Use sterile equipment and sanitize the injection site by applying a suitable disinfectant. Clean, properly disinfected needles should be used to reduce the potential for injection site infections.

No special handling or protective clothing is necessary.

The viscosity of the product increases in cool temperatures.

Administering Noromectin Plus at temperatures of 41°F (5°C) or below may be difficult. Users can make dosing easier by warming both the product and injection equipment to about 59°F (15°C).

ANIMAL SAFETY

In breeding animals (bulls and cows), ivermectin and clorsulon used at the recommended level had no effect on breeding performance.

WARNING

NOT FOR USE IN HUMANS.

Keep this and all drugs out of the reach of children.

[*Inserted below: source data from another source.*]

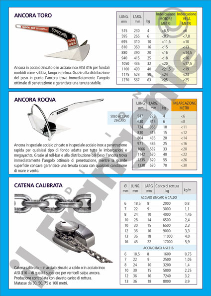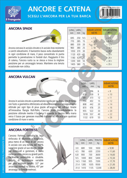 Questa scheda descrive i principali tipi di ancore moderne e le loro caratteristiche tecniche. Per ogni ancora vi è una tabella riassuntiva che permette di scegliere in modo immediato il tipo di ancora da utilizzare in base a dimensioni e peso dell’imbarcazione.
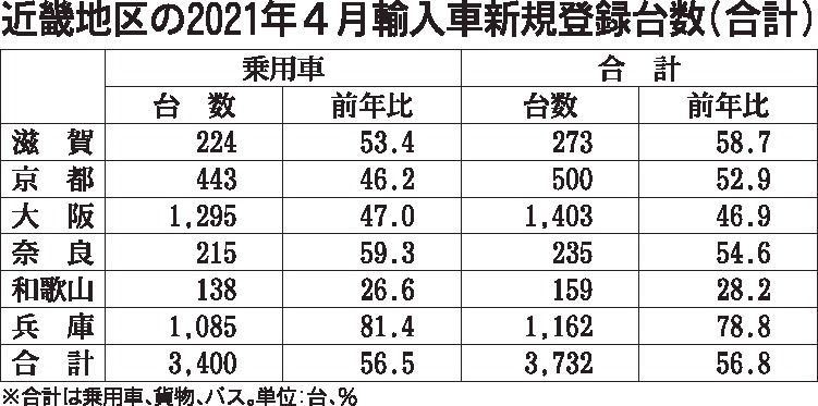 日本自動車輸入組合(JAIA)の発表によると、4月の近畿地区の輸入車新規登録台数(外国メーカー車と日本メーカー車)は、前年同月比56・8%増の3732台だった。前の年を上回るのは7カ月連続。乗用車が56・5%増の3400台、貨物車は59・...
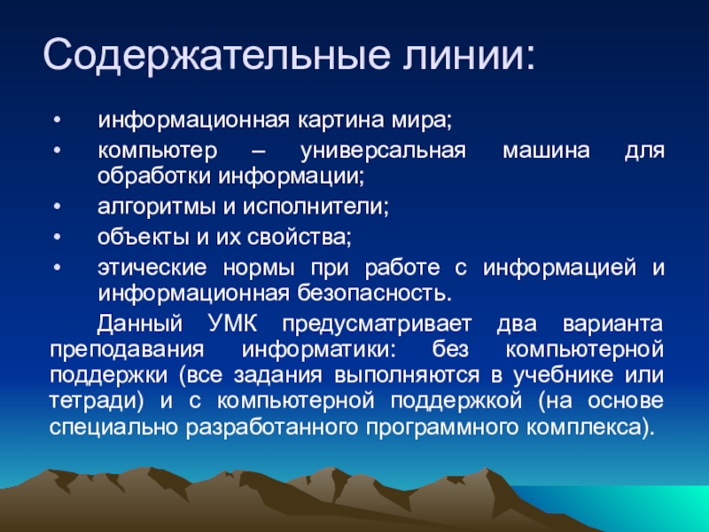 Слайд 33Основные содержательные линии:
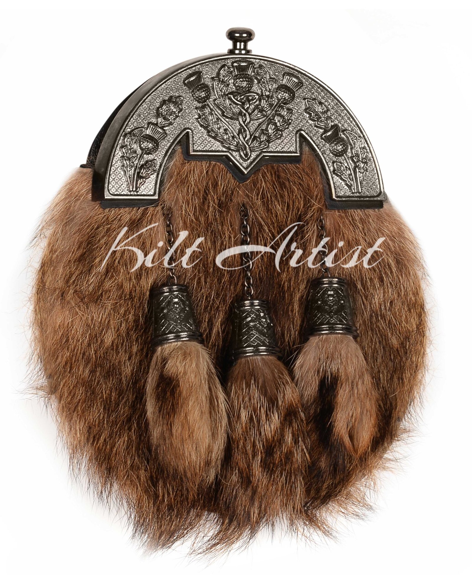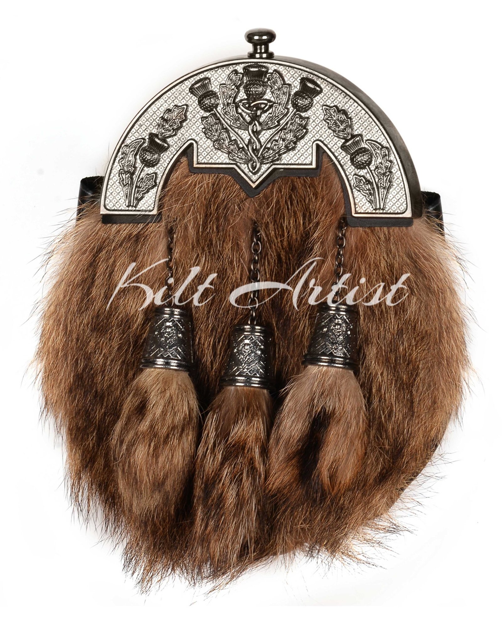 Make a bold statement with the Nickle Brushed Thistle Coyote Fur Full Dress Sporran, a striking accessory that blends authentic Scottish tradition with rugged natural elegance. Designed for formal Highland attire, this sporran adds character, luxury, and functionality to any full dress kilt outfit.

The Safety Data Sheet (SDS) contains more detailed occupational safety information. To report suspected adverse drug events, for technical assistance or to obtain a copy of the SDS, contact Norbrook Inc. at 1-866-5777. For additional information about adverse drug experience reporting for animal drugs, contact FDA at 1-888-FDA-VETS or http://www.fda.gov/reportanimalae.

RESIDUE WARNINGS: Do not treat cattle within 21 days of slaughter. Because a withdrawal time in milk has not been established, do not use in female dairy cattle of breeding age. A withdrawal period has not been established for this product in pre-ruminating calves. Do not use in calves to be processed for veal.

PRECAUTIONS

Transitory discomfort has been observed in some cattle following subcutaneous administration. Soft-tissue swelling at the injection site has also been observed. These reactions have disappeared without treatment. Divide doses greater than 10 mL between two injection sites to reduce occasional discomfort or site reaction. Different injection sites should be used for other parenteral products.

Noromectin Plus Injection has been developed specifically for use in cattle only. This product should not be used in other animal species as severe adverse reactions, including fatalities in dogs, may result.

For subcutaneous injection in cattle only.

This product is not for intravenous or intramuscular use.